If something’s taking girls near water, if Pearly Gates’s escalating, if somebody’s using the monster story to cover something darker, she’s in the middle of it whether she understands that or not.

Legend turns slowly, scanning the shoreline, the trees, the cabins. His face is hard in a way I recognize. The face he wears right before he makes the kind of decision people regret.

“This ain’t a camp out anymore,” he says finally. “We tighten everything.”

More men posted overnight. No one alone near water. Everyone moved closer to officer cabins.

It’s supposed to make it safer.

It just makes it smaller.

And smaller means pressure.

Pressure makes fractures worse.

That night, I stand outside the main cabin row watching lantern light flicker through windows.

Brittany’s inside the cabin we shared for one night, probably sitting stiff and quiet, pretending she doesn’t care that I’ve kept my distance. I did it for the right reasons. That’s what I keep telling myself.

But the lake don’t feel like a place where right reasons matter anymore.
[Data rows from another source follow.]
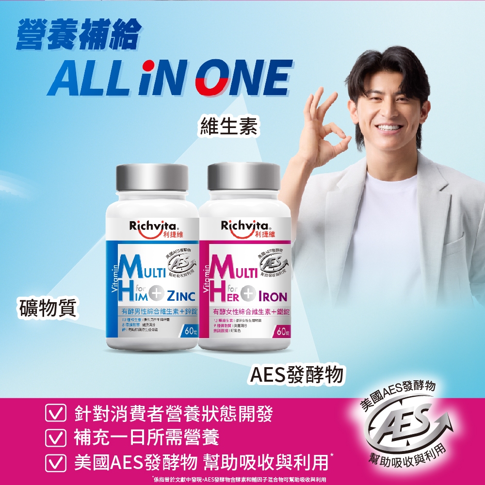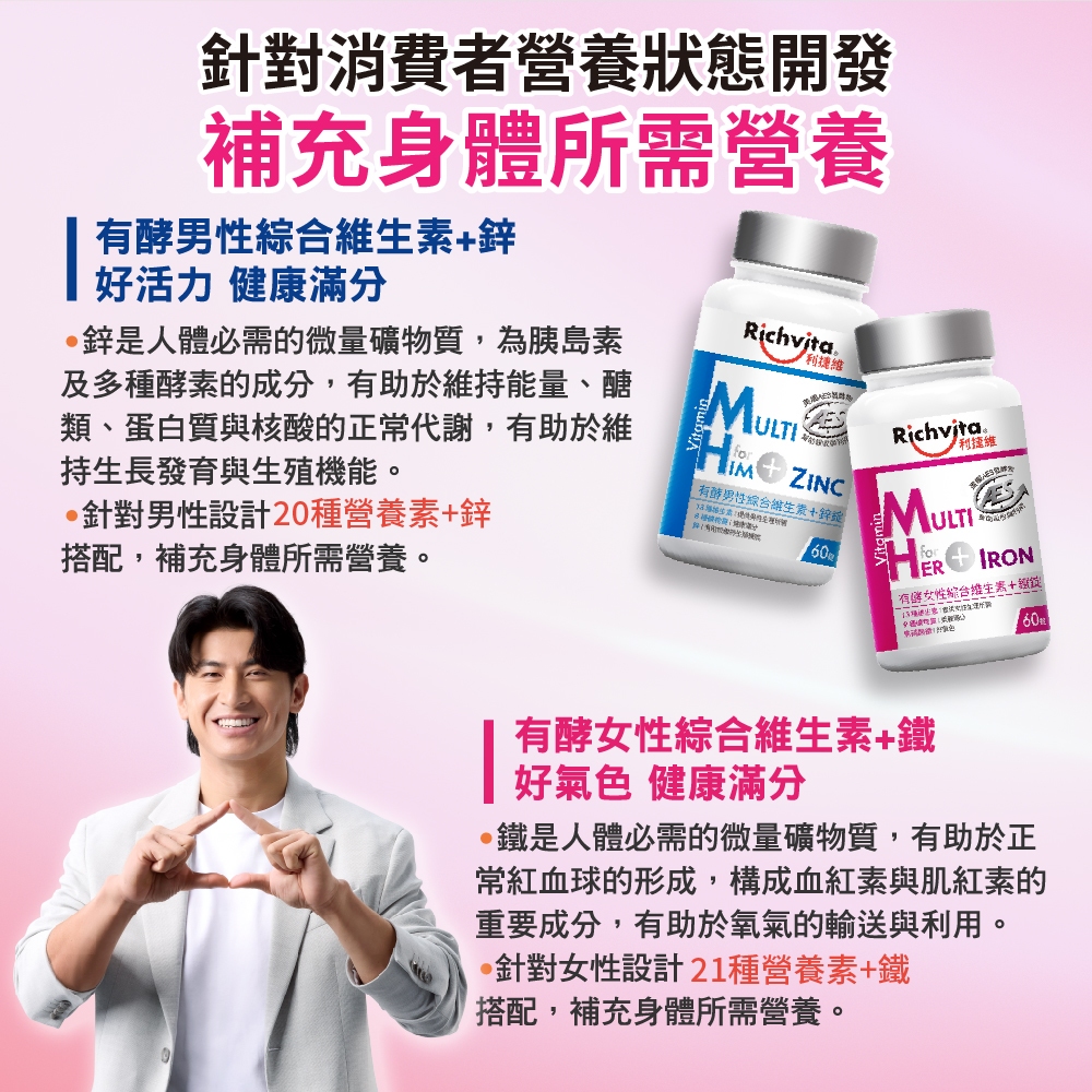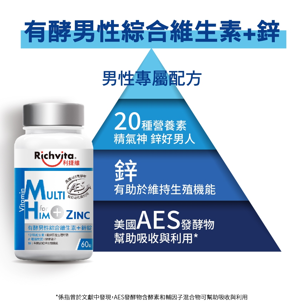 Richvita利捷維 有酵男性綜合維生素+鋅(60錠/瓶)2026.10有酵男性綜合維生素+鋅Well BeingMIPA 生活百貨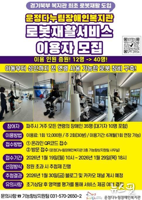 2025년 9월 개관한 운정다누림장애인복지관은 경기북부 최초로 최첨단 로봇 재활 장비인 지면 보행형 로봇 재활 훈련 장치(워크봇)와 웨어러블 로봇을 도입해 운영하고 있다. 이를 통해 뇌병변·발달·지체장애 등으로 보행에 어려움을 겪는 장애인을 대상으로 로봇 기반 보행훈련을 제공하며 올바른 보행유형 형성과 근신경 재교육을 체계적으로 지원하고 있다.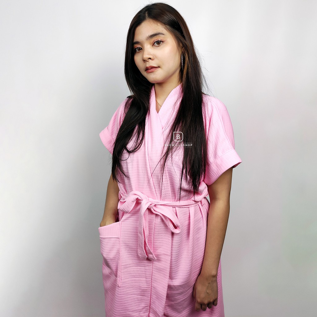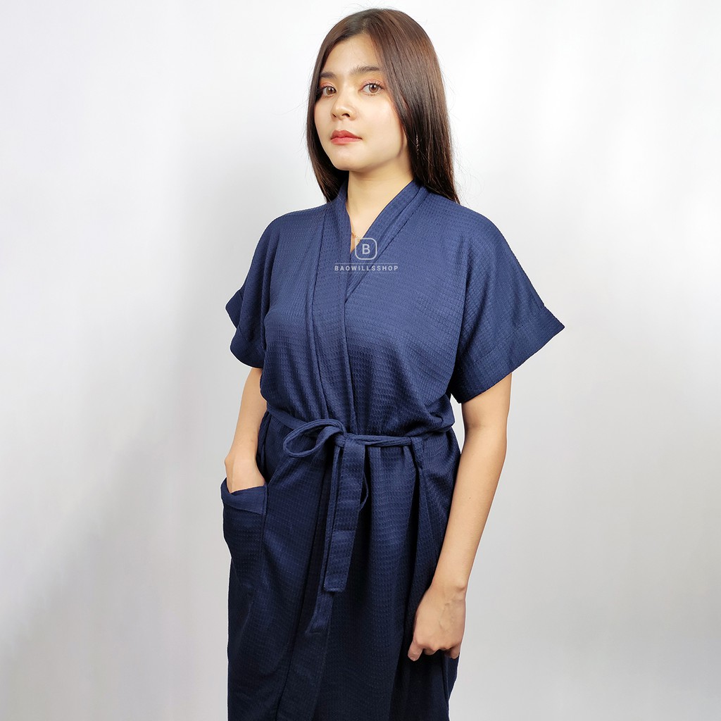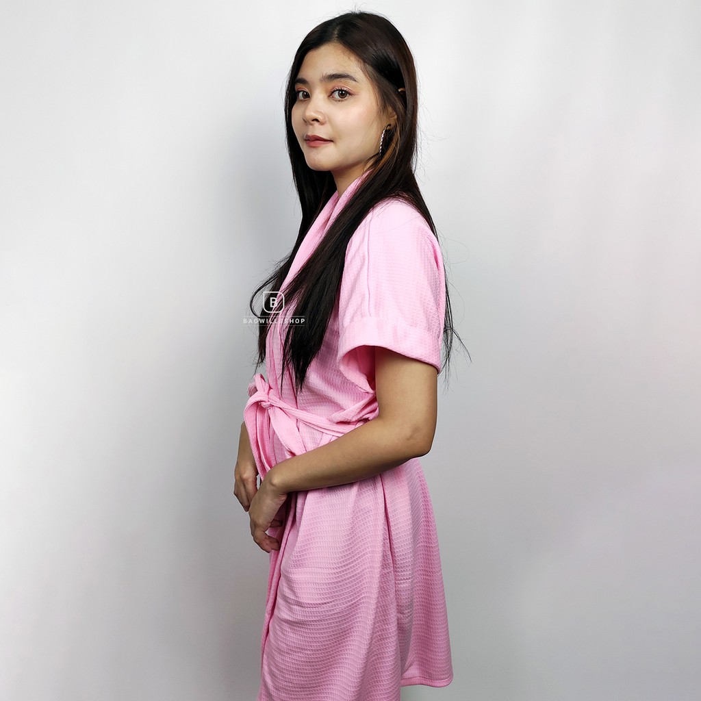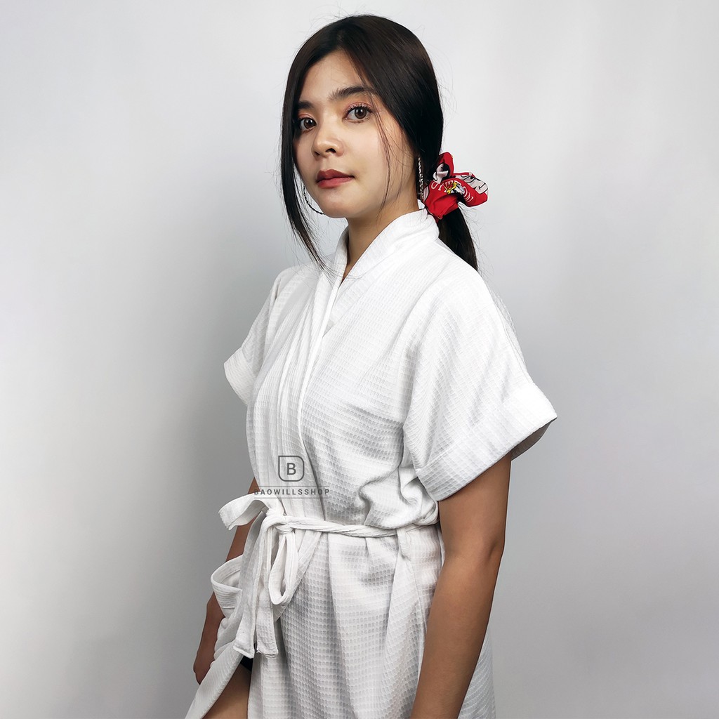 ชุดคลุมอาบน้ำ (กรอกโค้ด WMZUEK ลด 10% ไม่มีขั้นต่ำ) เสื้อคลุมอาบน้ำแขนสั้น ลายวอฟเฟิล ผ้า cotton100% ♡

I light a cigarette I don’t even want since I quit years ago and stare at the black stretch of water. Because the truth is, whatever’s out there, human, animal, myth, it ain’t the only thing circling.

Chapter 31

Brittany

I should’ve known it wouldn’t stay quiet. Nothing in Hell ever does. Why would it here?

The lake’s been wrong all day, too still and too loud at the same time. Boats moving in tight circles. Men combing tree lines. Radios crackling. Royal snapping orders at prospects who look like they’d rather believe in a monster than admit someone human might be hunting girls in their own backyard. Everybody’s on edge, and the day feels like it’s holding its breath.

Oaks hasn’t looked at me once. Not really.

He’s been in motion since dawn, like if he keeps moving he can outrun whatever’s tightening around us. Radio in hand. Boots in mud. Mouth firmly shut. Every time I catch his profile across camp, he looks carved out of duty and iron, and I hate that part of me still watches him like he might glance back and soften. Like the other night meant something he can’t fake his way out of.

He doesn’t. Just like he didn’t come back last night, and I slept alone in a crumbled bed that smelled like I made a huge mistake.

By late afternoon, the heat turns heavy and mean. The sun dips, but the humidity won’t break. I can’t stand another second of the whispers and the stares and the girls who smirkwhen I pass like they know exactly where I’ve been and what I’ve done. I need air that ain’t filtered through judgment.

I walk down toward the water alone.

The shoreline’s quieter here, away from the cabins and the main fire pit, away from the radios and the men calling coordinates. It’s just cicadas screaming from the trees and the soft lap of water against dock posts. Herrington Lake looks harmless from here, shiny and blue, sunlight scattering across it like glitter, like it’s a tourist brochure instead of a crime scene with good PR.

I hear boots before I see her.

Bethany doesn’t announce herself. She doesn’t call my name or perform for an audience. She just walks up and stops a few feet away, arms crossed, posture loose like we’re having coffee instead of a reckoning. That calm is what scares me, because I’ve seen women like her in Hell. They don’t need volume. They’ve got venom.

“You’re braver than I thought,” she says mildly. “Standing so close to that water.”